■ **ASSIGNED TASK**
With the pictures omitted, write out the entries that follow exactly as they stand.

■ **Records excerpted from a collection**
▬▬▬▬▬▬
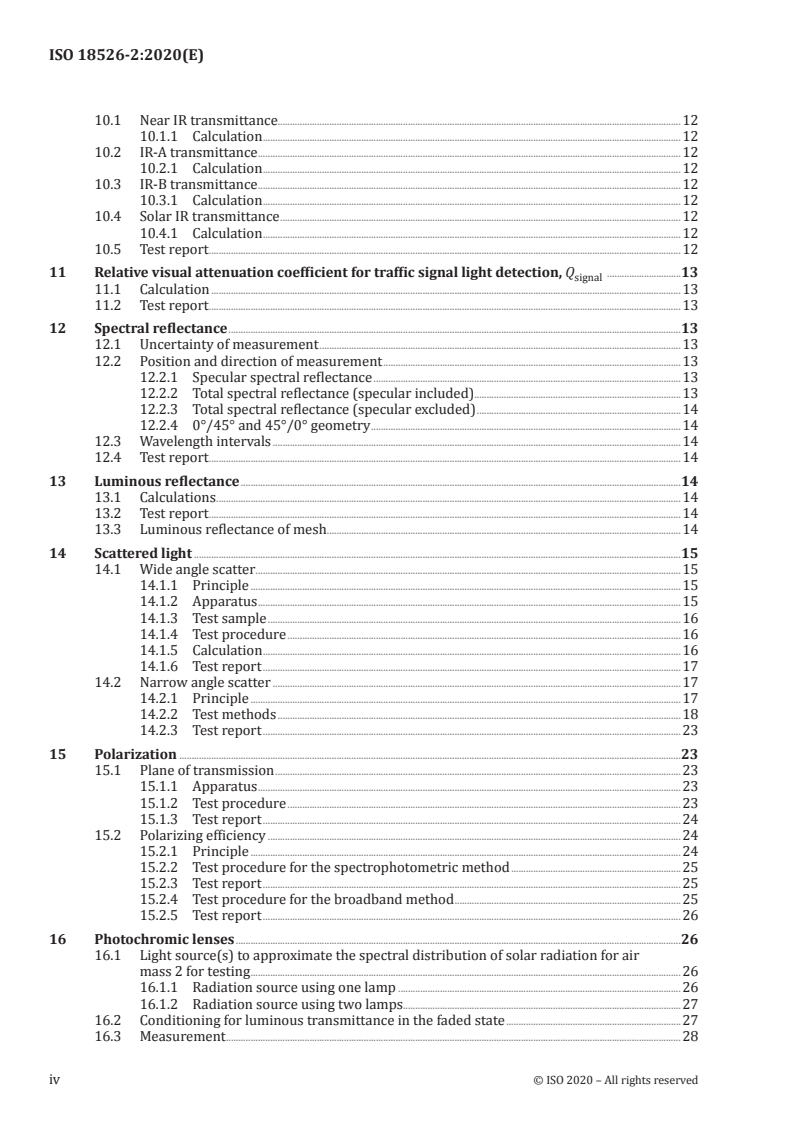 Keywords: ISO 18526-2:2020, eye and face protection, optical properties, luminous transmittance, UV transmittance, blue-light, IR transmittance, scattered light, polarization, photochromic lenses, test methods.
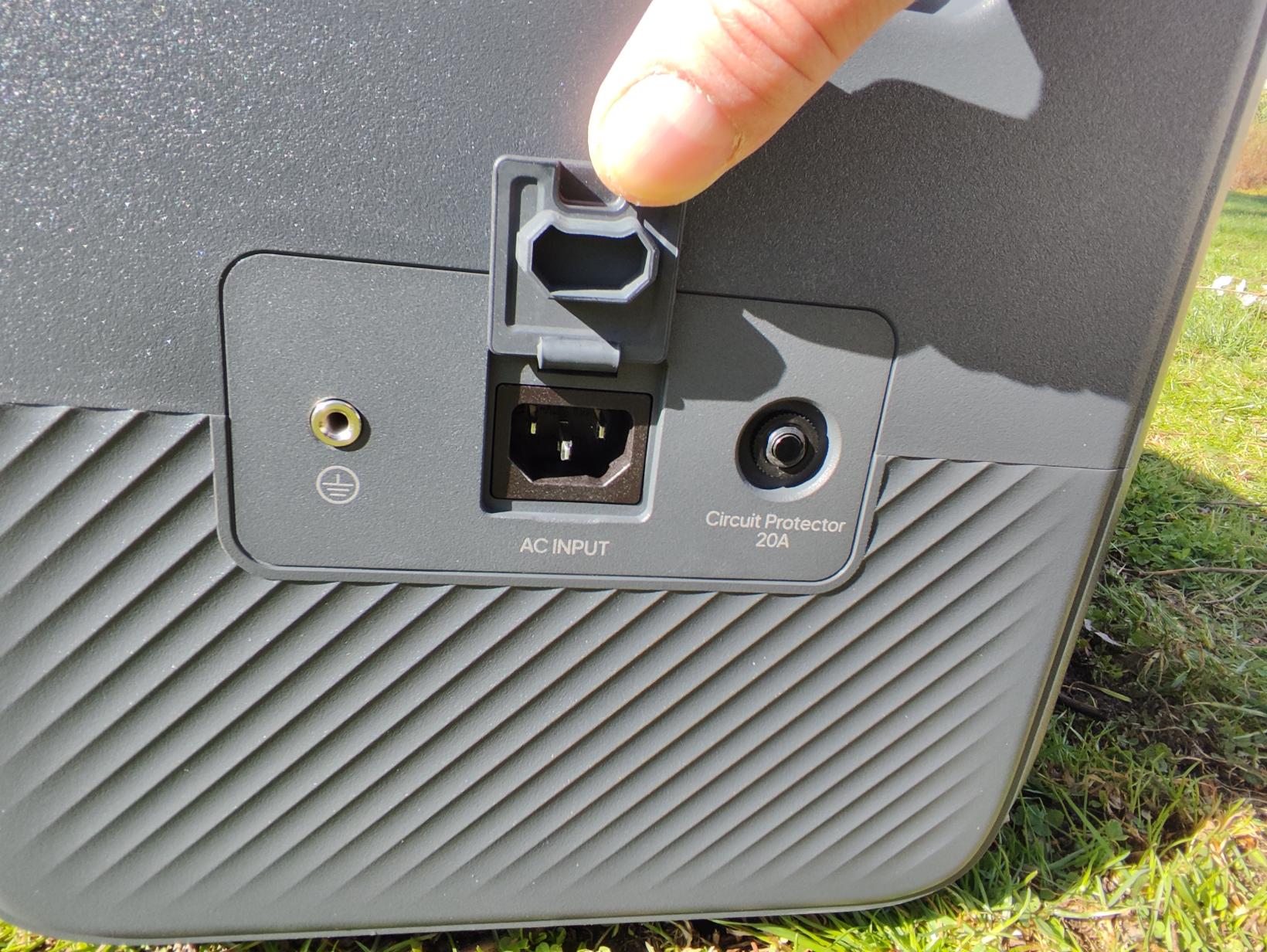 Belüftungslöcher an den Seiten sucht man bei der Bluetti Elite 300 vergeblich. Das komplette Kühlsystem wurde auf die Rückseite der Powerstation verlagert. Auf der rechten Seite findet ihr lediglich eine Schraube für den Potenzialausgleich, die AC-Ladebuchse und einen Sicherungsautomaten (20A), den ihr nach dem Fehlerfall manuell zurücksetzen könnt.
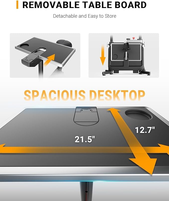 • 【Space-Saving Foldable Design】Compact design of this exercise bike with desk occupies just 2.7 square feet (27.8“ x 18.7” x 30.7") when stored. It fits seamlessly into apartments, offices, or tight corners. Equipped with removable transport wheels for effortless rolling and storage.
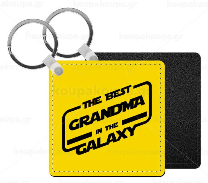 The Best GRANDMA in the Galaxy, Μπρελόκ Δερματίνη, τετράγωνο ΜΑΥΡΟ (5x5cm)
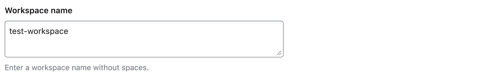 A workspace name textarea with the text "work" entered. If the character count is showing current length, it reads "4 characters entered". If maximum length, it reads "21 characters remaining". If minimum length, it reads "1 character remaining".
▬▬▬▬▬▬
■ **ANSWER AREA**
 Keywords: ISO 18526-2:2020, eye and face protection, optical properties, luminous transmittance, UV transmittance, blue-light, IR transmittance, scattered light, polarization, photochromic lenses, test methods.
 Belüftungslöcher an den Seiten sucht man bei der Bluetti Elite 300 vergeblich. Das komplette Kühlsystem wurde auf die Rückseite der Powerstation verlagert. Auf der rechten Seite findet ihr lediglich eine Schraube für den Potenzialausgleich, die AC-Ladebuchse und einen Sicherungsautomaten (20A), den ihr nach dem Fehlerfall manuell zurücksetzen könnt.
 • 【Space-Saving Foldable Design】Compact design of this exercise bike with desk occupies just 2.7 square feet (27.8“ x 18.7” x 30.7") when stored. It fits seamlessly into apartments, offices, or tight corners. Equipped with removable transport wheels for effortless rolling and storage.
 The Best GRANDMA in the Galaxy, Μπρελόκ Δερματίνη, τετράγωνο ΜΑΥΡΟ (5x5cm)
 A workspace name textarea with the text "work" entered. If the character count is showing current length, it reads "4 characters entered". If maximum length, it reads "21 characters remaining". If minimum length, it reads "1 character remaining".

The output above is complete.